Board members don’t study the issues independently.  They are given, in effect, Cliff Notes by their administrators.  Tragically, they come to believe they have read the novel.

Most Board members get elected to the Board thinking they will make a difference.  Soon, they discover that they are simply not prepared to even ask questions of a school administration that has mastered the art of rhetoric and power point presentations.  Their lack of intellectual discipline overwhelms their distant memories of the intentions they may once have had.

The training process imposed upon them by the State intimidates board members.  They too often develop a very narrow view of their authority, acting as if they have allowed administrators the opportunity to ‘mind-meld’ in the fashion of Spock in the old Star Trek series.  They too often become one with their administration, while losing even a semblance of independent analysis.

Most are never able to clear the intellectual hurdle that distinguishes how a Board member can use policy and contracts to hold administrators accountable for specific administrative actions and results without the State dropping the ‘meddling’ bomb on the District’s Boardroom.

With rare exceptions, many board members undergo a radical transformation between the moment of decision to seek the office and one year or even less of actual service.  They go from envisioning themselves as advocates for students, teachers and taxpayers to becoming a defender of administrative policies - no matter how destructive and irrational the policies might be.

That’s why one of the articles I previously posted on George Scott Reports is so fundamentally important.

Your Katy I.S.D. School Board has never asked for a wide range of accountability reports it should have sought.

Your Board can’t tell you one important thing about grade inflation in math and science classes because it has never demanded its administration produce a reliable one.

Your Board can’t tell you one important thing about the disparity of academic skills of students in secondary education nor the impact this has on improving student academic performance.  That’s because it has never demanded the administration give it one.

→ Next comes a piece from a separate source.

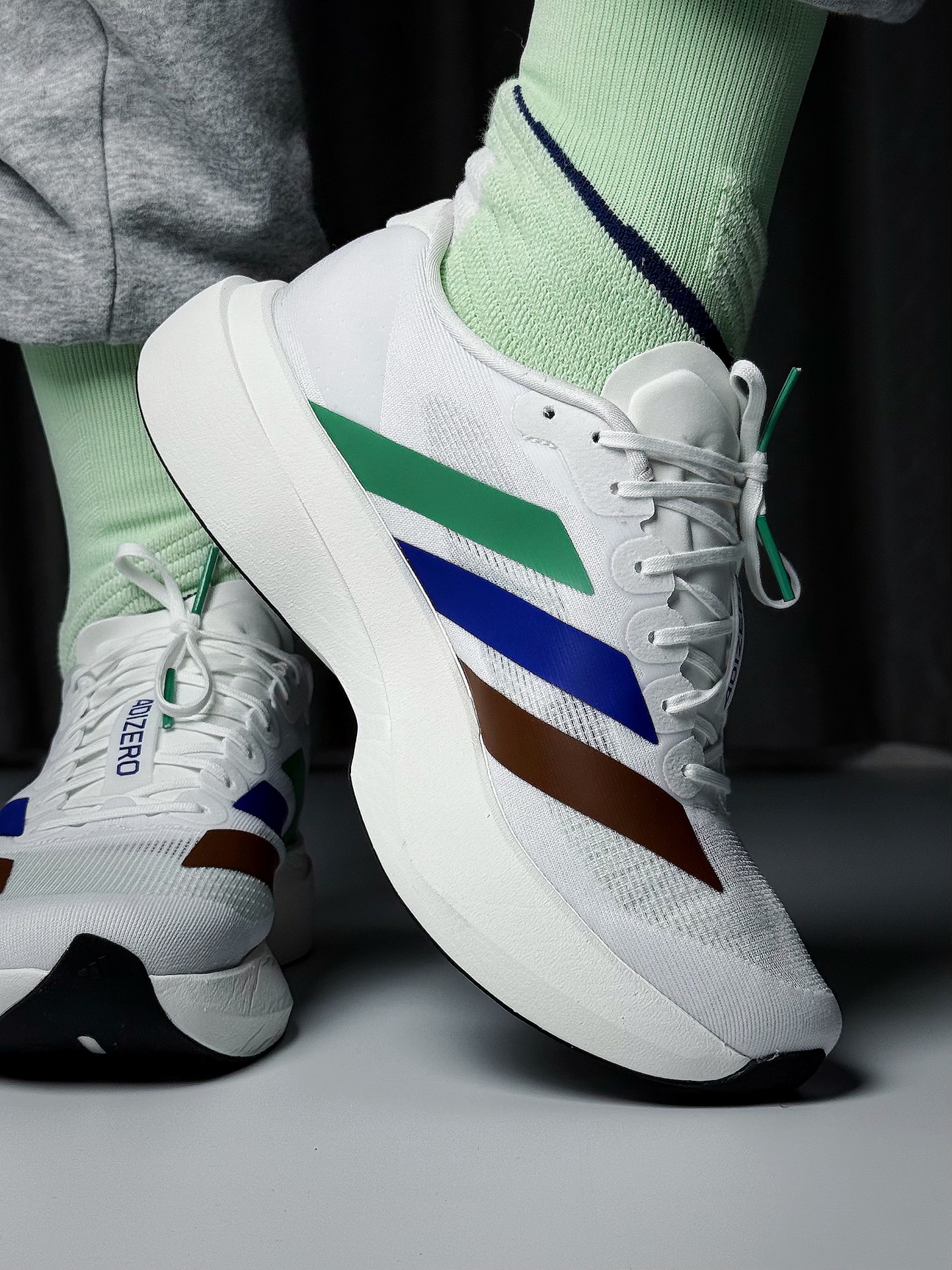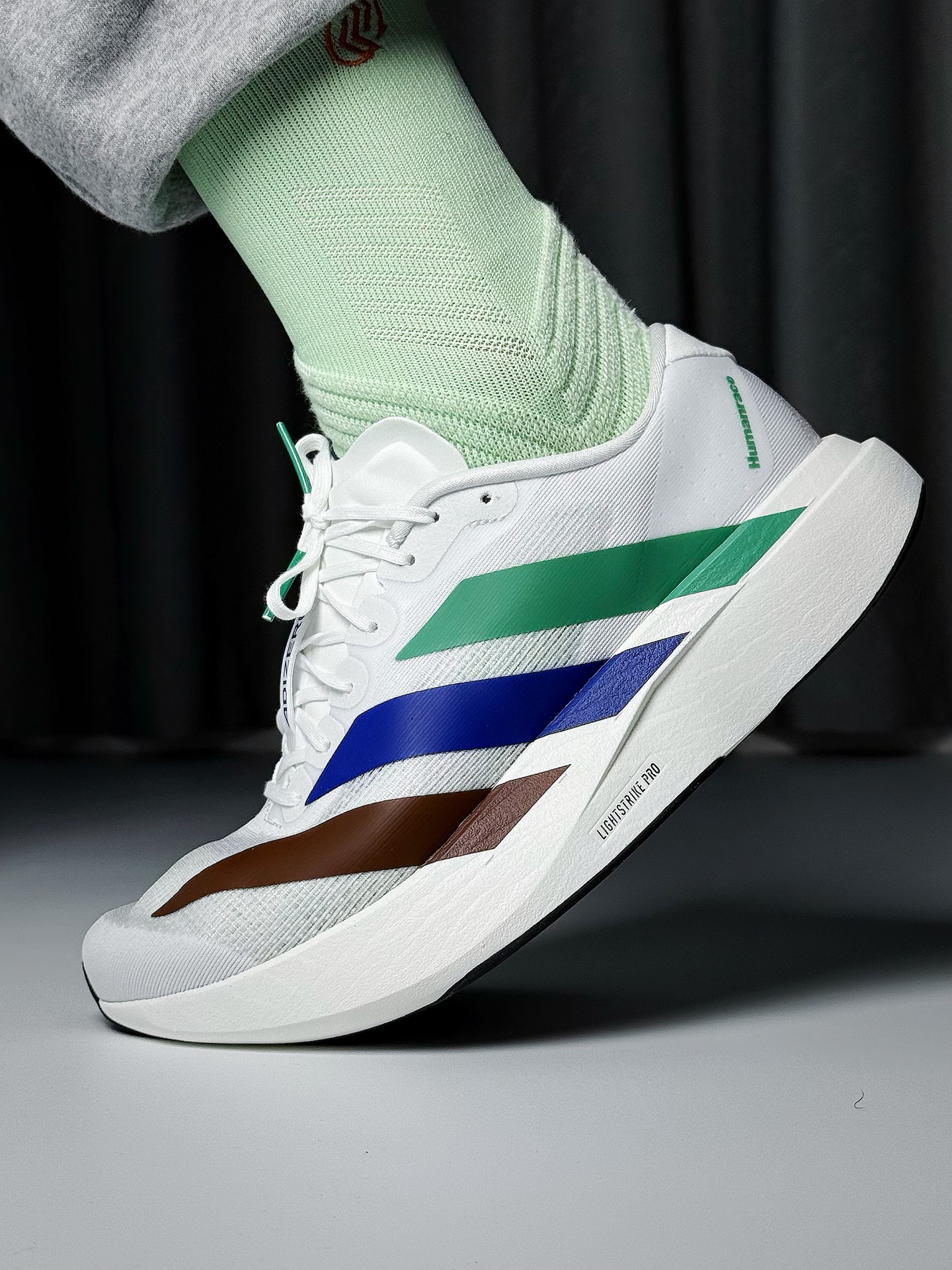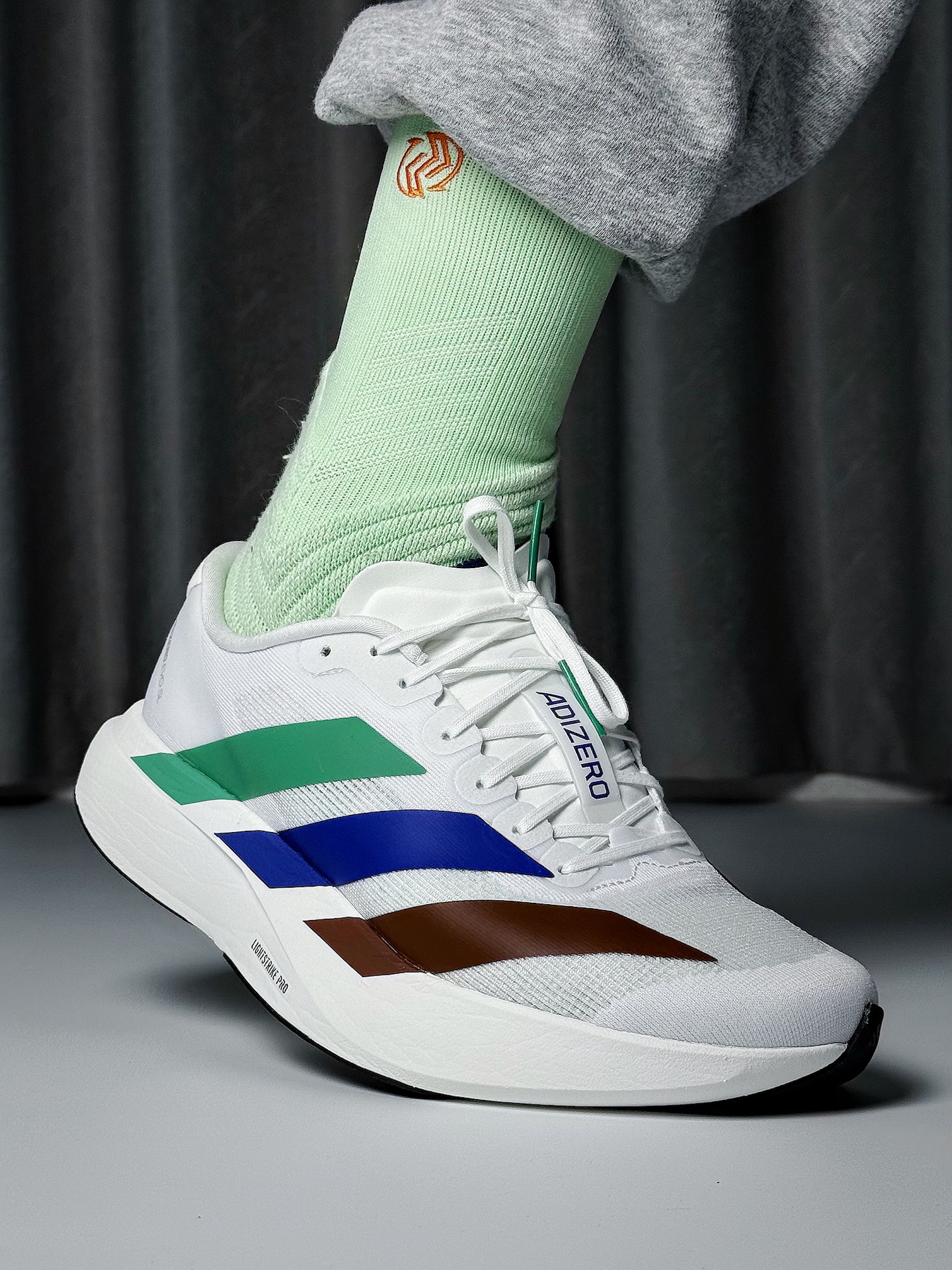 最近入手了Humanrace x adidas Adizero Evo SL跑鞋,必须分享一下 这双菲董联名款以纯白色鞋面为主,侧边LOGO为棕、蓝、绿设计,对应着大地、海洋与森林元素,另外在左脚后跟处印有Humanrace联名字样,虽然颜值这块独特了,但价格嘛[皱眉_blue]也够买两双普通款EVO SL了 中底为全掌Lightstrike Pro材质,缓震性能优秀,跑步时能有效吸收冲击力,...

Your Board can’t tell you one important thing about the effectiveness of the Professional Learning Community initiative in this District.  Millions of dollars of cash and District resources have been allocated to this curriculum management program.  Yet, the Board has never directed the administration to produce a reliable report evaluating its actual effectiveness.

Your Board can’t tell you one important thing about college readiness of the broad range of the Katy I.S.D. secondary student body; it can’t tell you one important thing about college performance of District graduates; it can’t tell you one important thing about the strength of honors math and science classes at each of the high schools or between the high schools; and it can’t tell you one important action that it has taken to hold itself or its administration accountable for such a colossal failure of management.

On these issues and more, George Scott Reports received the tragic answer of “doesn’t exist” to formal public information requests.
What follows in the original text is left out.